Et quand on lui demande à qui appartient la GAM, un peu évasif, il dit qu’elle appartient à un groupe composé de Tunisiens et de Guinéens. Nos sources elles tiennent mordicus que la GAM est une propriété du Dr Chaloub et des en haut de en haut de la Caisse Nationale de Sécurité sociale.

Quid du fonctionnement général de la CNSS ?

Si la réserve de sécurité au Burkina Faso est de huit ans ; 10 ans en Côte d’Ivoire, en Guinée, la CNSS n’a même pas un copeck en réserve. On lorgne le compte attendant une cotisation pour qu’elle soit aussitôt utilisée.

Que dire des travailleurs ? Selon de nombreux témoignages, ils broient du noir. Ils se plaignent de n’avoir jamais bénéficié des différentes augmentations salariales (environ 70%) en faveur des travailleurs guinéens depuis l’avènement d’Alpha Condé au pouvoir.

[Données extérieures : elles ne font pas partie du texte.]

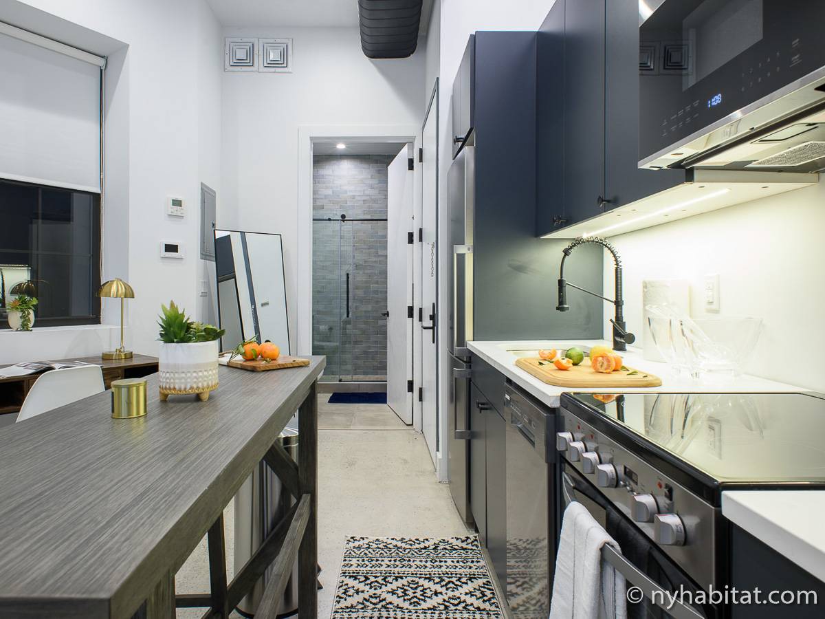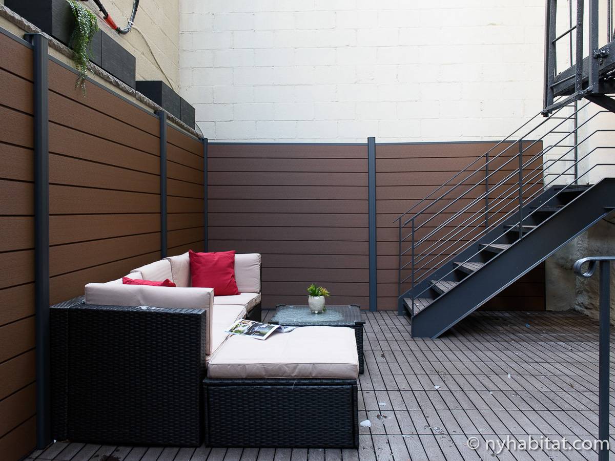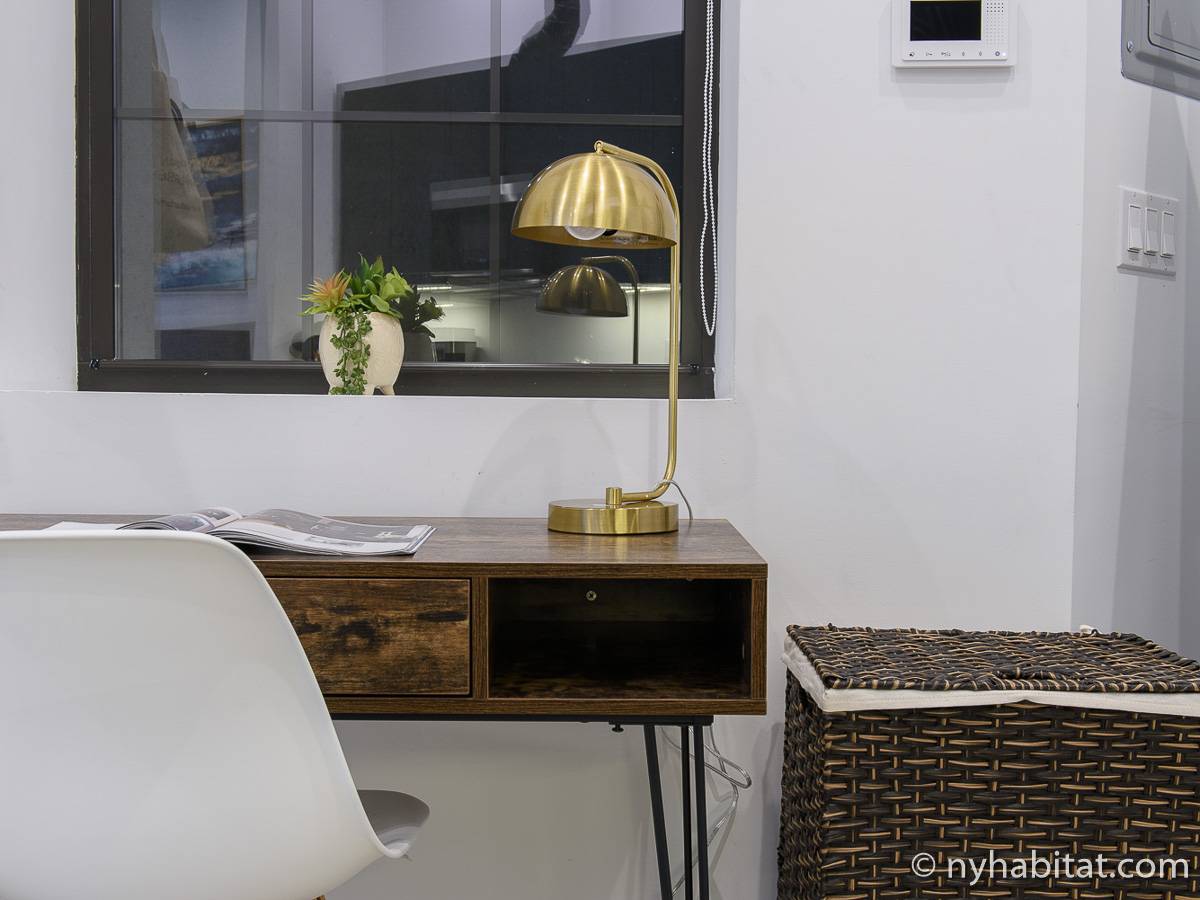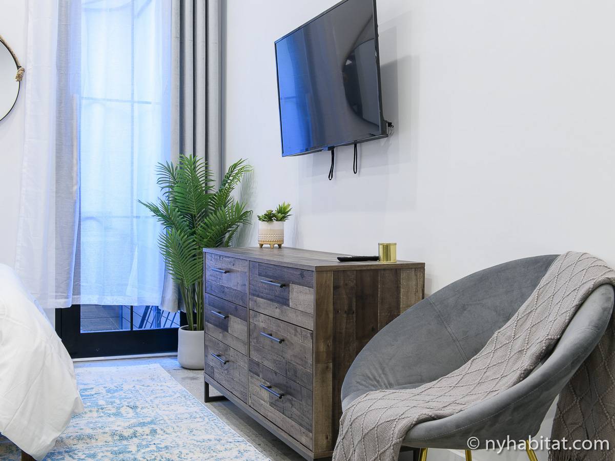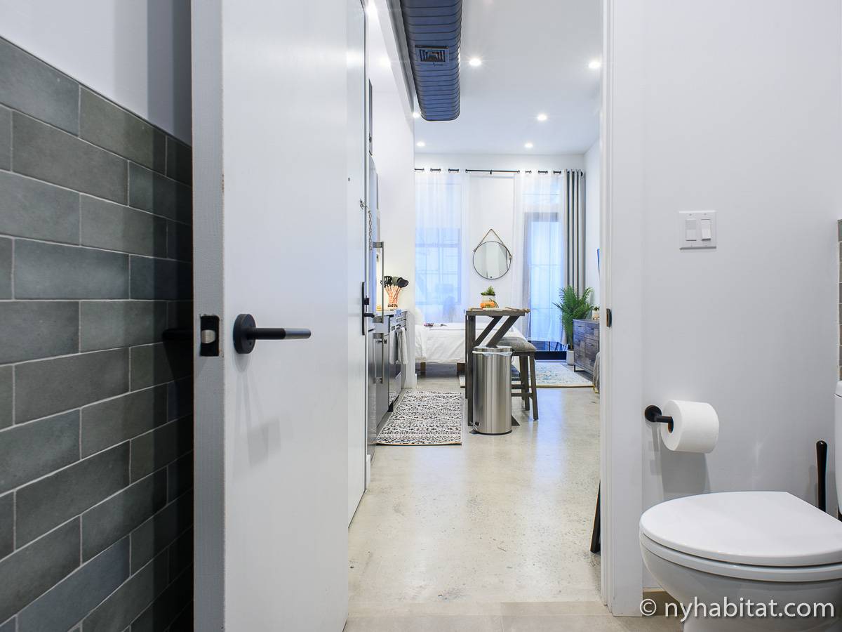 Erleben Sie das Leben in Downtown Manhattan in dieser Studiowohnung mit einer Fläche von rund 39 m2. Diese möblierte Mietwohnung befindet sich in einem Gebäude ohne Aufzug in der Nähe der Kreuzung East 3rd Street und 1st Avenue im East Village von New York City und verfügt über hohe Decken, Einbauleuchten und eine Terrasse.

Rencontré dans un bureau de la CNSS, M. Camara du cabinet d’audit externe à qui nous avons posé une question sur la gestion de l’institution, nous a envoyé paître ! ‘‘Nous voulons vous poser une question sur l’audit de la gestion de la CNSS’’, avons-nous posé comme question. ‘‘Je ne réponds pas à une question dans la rue !’’ répond-il en se dirigeant vers la porte. Nous rétorquons : ‘‘Nous ne sommes pas dans la rue, nous sommes dans un bureau, vous pouvez répondre à notre question ?’’ Sa réponse définitive avant de partir en claquant  la porte : ‘‘Je parle aux gens par rendez-vous !’’

Mais pourquoi a-t-il le nerf à fleur de peau ?  Nous savons que son cabinet recruté pour l’audit externe a fini par  »s’internaliser » en ayant des bureaux au sein même de la CNSS. C’est peut-être une des raisons qui font que l’on sait peu de la gestion de l’institution.

Cependant, selon nos sources, les cotisations mensuelles en faveur de la CNSS s’élèvent à plus de 10 milliards GNF (soit plus de 30 milliards par trimestre). Cependant ses prestations trimestrielles seraient évaluées à environ 8 milliards de GNF. Soit un gap d’environ 20 milliards ! ‘‘Une gestion rigoureuse de cette manne aurait permis de revaloriser les pensions, augmenter le salaire des agents, payer plus de matériels adéquats pour le centre, …ce qui allait réduire les évacuations’’, estime un spécialiste en droit de la sécurité sociale et de la protection sociale que nous avons rencontré.